* **What to work on**
The printed result should hold only the lines from the opening of the data through the line bearing "全球能源危机的一个遗留问题可", exactly as given and without pictures.

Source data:
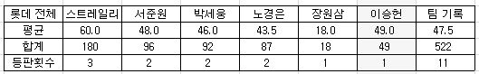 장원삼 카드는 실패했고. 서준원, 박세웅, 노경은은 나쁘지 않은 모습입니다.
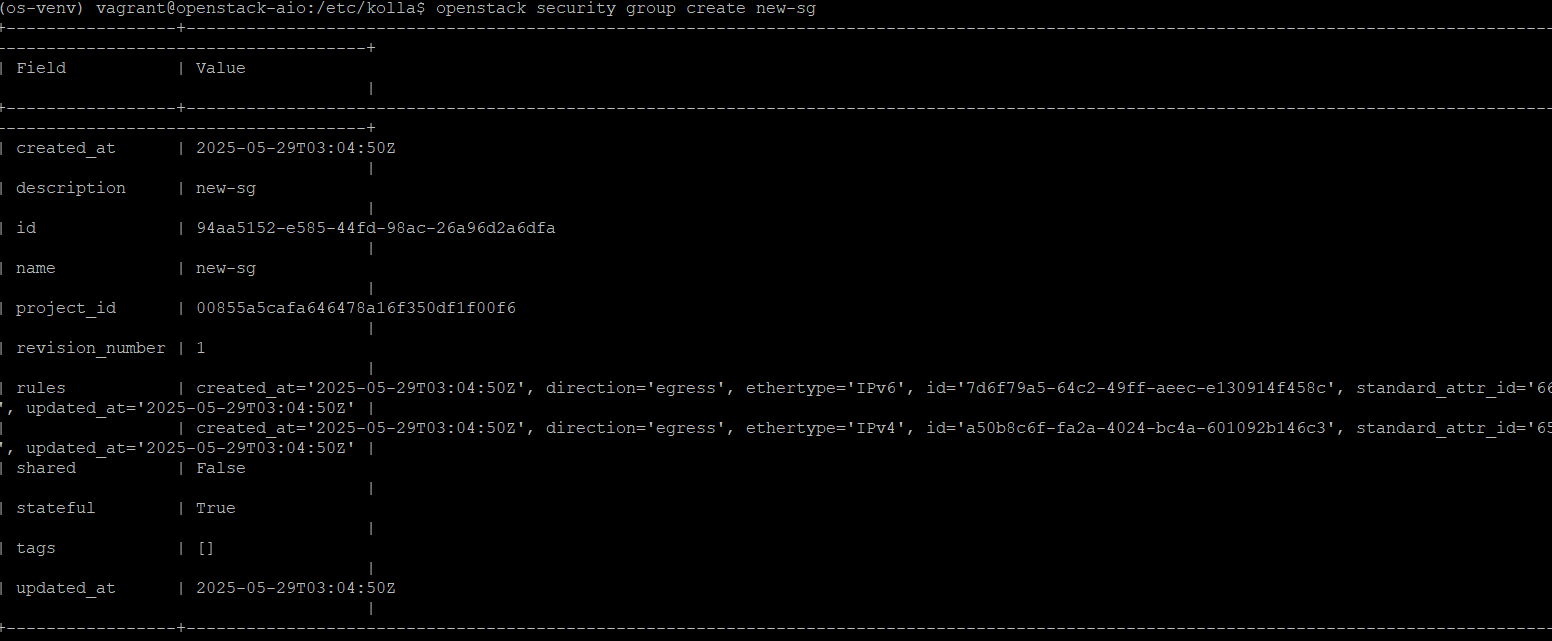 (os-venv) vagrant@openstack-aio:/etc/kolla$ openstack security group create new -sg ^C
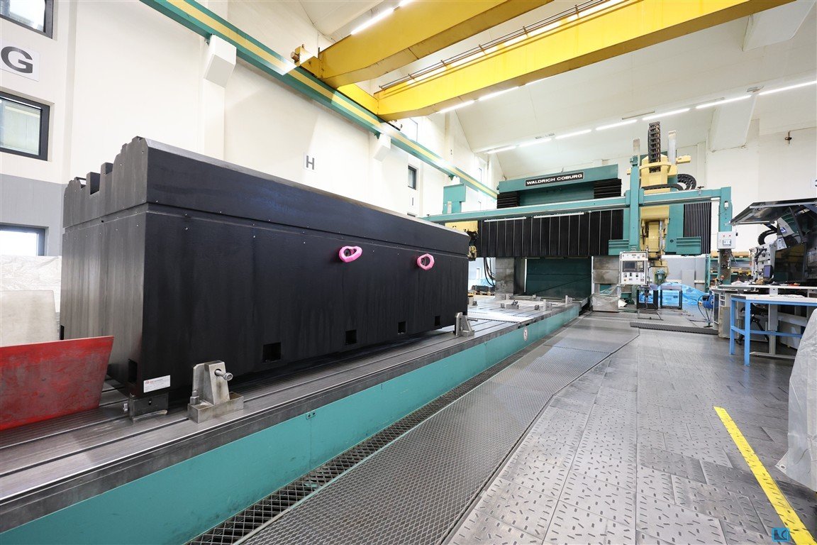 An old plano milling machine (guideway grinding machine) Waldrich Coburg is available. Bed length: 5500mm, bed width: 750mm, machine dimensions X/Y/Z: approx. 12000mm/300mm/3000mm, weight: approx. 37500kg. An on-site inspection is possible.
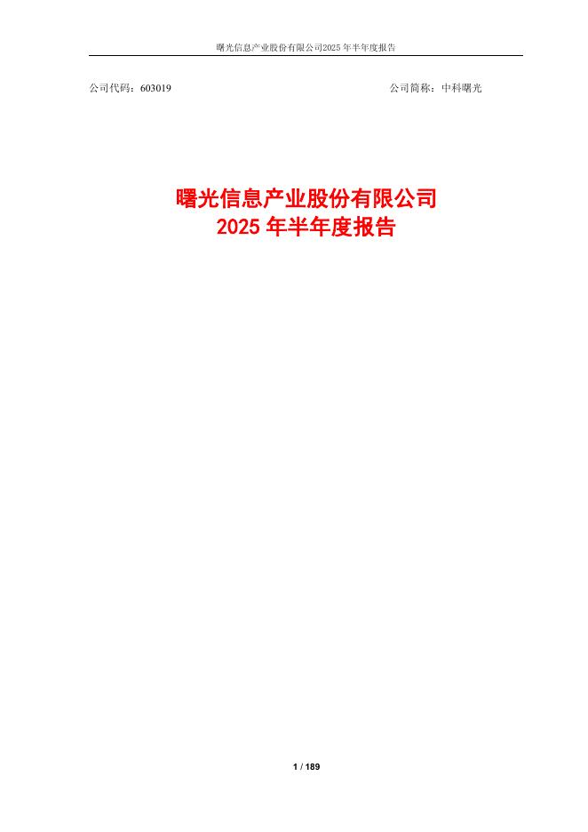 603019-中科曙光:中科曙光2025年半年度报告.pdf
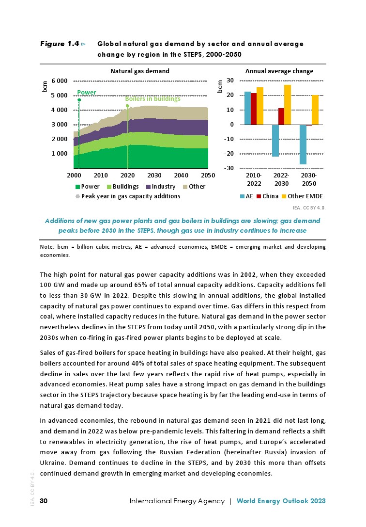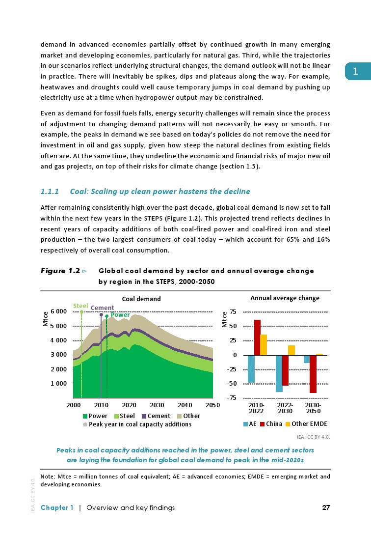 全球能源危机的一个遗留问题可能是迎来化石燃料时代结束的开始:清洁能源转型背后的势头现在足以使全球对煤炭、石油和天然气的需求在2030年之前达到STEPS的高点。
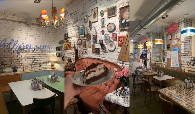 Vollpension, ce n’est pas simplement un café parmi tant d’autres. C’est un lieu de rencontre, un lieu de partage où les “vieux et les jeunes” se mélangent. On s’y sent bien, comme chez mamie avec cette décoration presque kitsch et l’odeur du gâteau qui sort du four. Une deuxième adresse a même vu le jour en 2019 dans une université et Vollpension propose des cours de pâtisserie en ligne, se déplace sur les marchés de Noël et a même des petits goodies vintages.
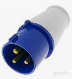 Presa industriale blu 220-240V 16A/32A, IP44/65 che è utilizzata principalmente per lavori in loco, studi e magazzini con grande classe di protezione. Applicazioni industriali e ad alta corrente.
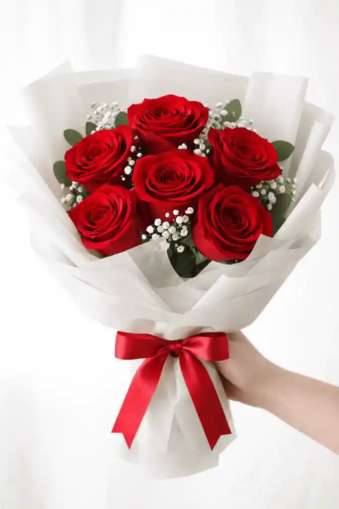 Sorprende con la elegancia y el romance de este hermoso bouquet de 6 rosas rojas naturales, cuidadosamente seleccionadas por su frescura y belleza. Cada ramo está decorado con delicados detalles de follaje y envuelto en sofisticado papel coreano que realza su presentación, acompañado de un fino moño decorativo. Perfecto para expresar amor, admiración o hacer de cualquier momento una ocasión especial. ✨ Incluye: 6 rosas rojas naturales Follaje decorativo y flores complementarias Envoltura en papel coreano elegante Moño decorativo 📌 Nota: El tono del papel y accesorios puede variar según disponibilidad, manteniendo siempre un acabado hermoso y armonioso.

* **Exercise result**
 장원삼 카드는 실패했고. 서준원, 박세웅, 노경은은 나쁘지 않은 모습입니다.
 (os-venv) vagrant@openstack-aio:/etc/kolla$ openstack security group create new -sg ^C
 An old plano milling machine (guideway grinding machine) Waldrich Coburg is available. Bed length: 5500mm, bed width: 750mm, machine dimensions X/Y/Z: approx. 12000mm/300mm/3000mm, weight: approx. 37500kg. An on-site inspection is possible.
 603019-中科曙光:中科曙光2025年半年度报告.pdf
 全球能源危机的一个遗留问题可能是迎来化石燃料时代结束的开始:清洁能源转型背后的势头现在足以使全球对煤炭、石油和天然气的需求在2030年之前达到STEPS的高点。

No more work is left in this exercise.